The certainty of a mission

I followed my passion

It was kind of a weird feeling. The first time that I went down a waterslide. I decided that I would try the fastest one first. Pretty bad decision, but it makes for a good story now. I hoped that I would feel the all consuming tension that everyone always talks about. I saw it being present in the eyes of people who went before me. I saw it in my father’s posture when he knew he was going to be next. 

I closed my eyes and tried so hard to feel that feeling,  but it just didn't appear. I felt my stomach tingle a little because of the weightless experience, but that was it. There was no uncertainty or tenseness to be found in my body. It was just me, gravity and some water. When I splashed down in the pool, obviously I was disappointed. I looked up and saw my  dad wave at me. Happy that I had made it out alright. As if there were so many accidents that happened at a water park. If you want to protect your child from danger you  should never let it get in a car. But nobody thinks about that. Cars are just a part of life.
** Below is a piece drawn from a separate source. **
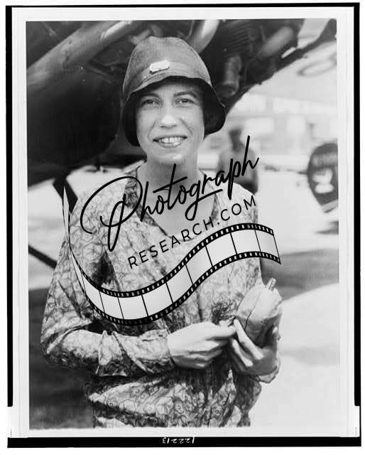 Title: [Marvel Crosson, full-length portrait, seated on top of airplane]

But God forbid a child should go down a slide the wrong way.

I swam out of the way and watched my dad as he came sliding down too. He splashed the water extra hard next to me and came up while sputtering. He was exaggerating to impress me. And  to show me how dangerous it could be. How easy it would be to just drown in a kiddy pool. It was the first time I experienced what I would later recognize to be my passion.The thing I would find out to be my drive in life. My North Star, my compass. I never wanted to be anything more in all my years, than I wanted to be a serial killer. 
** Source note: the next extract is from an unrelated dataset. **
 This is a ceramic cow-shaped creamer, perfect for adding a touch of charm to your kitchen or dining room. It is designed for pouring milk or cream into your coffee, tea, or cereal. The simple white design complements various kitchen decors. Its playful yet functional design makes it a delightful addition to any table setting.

And so that is what I became.

Now, don’t worry. I didn’t kill my dad. I wanted to be a serial killer, not a murderer. Besides, if I killed him there would most certainly be an investigation into me. And I wasn’t too fond of that idea so early in my career. I wanted first to learn the craft and get to know my way around the business for a couple years. Of course, when I was in that waterpark feeling what I now know to be my passion, I had no idea what it was. By then it was just a feeling. Granted, I was only eleven at the time, so still a bit young. 
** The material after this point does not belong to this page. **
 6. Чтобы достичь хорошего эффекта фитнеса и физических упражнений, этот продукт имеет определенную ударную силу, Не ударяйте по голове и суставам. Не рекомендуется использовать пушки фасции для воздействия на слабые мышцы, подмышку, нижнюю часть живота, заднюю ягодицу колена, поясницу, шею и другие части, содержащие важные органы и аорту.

I started experiencing the feeling more and more when I was about sixteen. I had just finished my secondary school and people were starting to annoy me more and more. I remembered feeling this drive in the waterpark and experiencing the same now. So like any self-respecting teenager, I just went with it. I started looking shit up on the internet and following people around. It was all good fun, but I couldn’t wait until I would make my first official kill.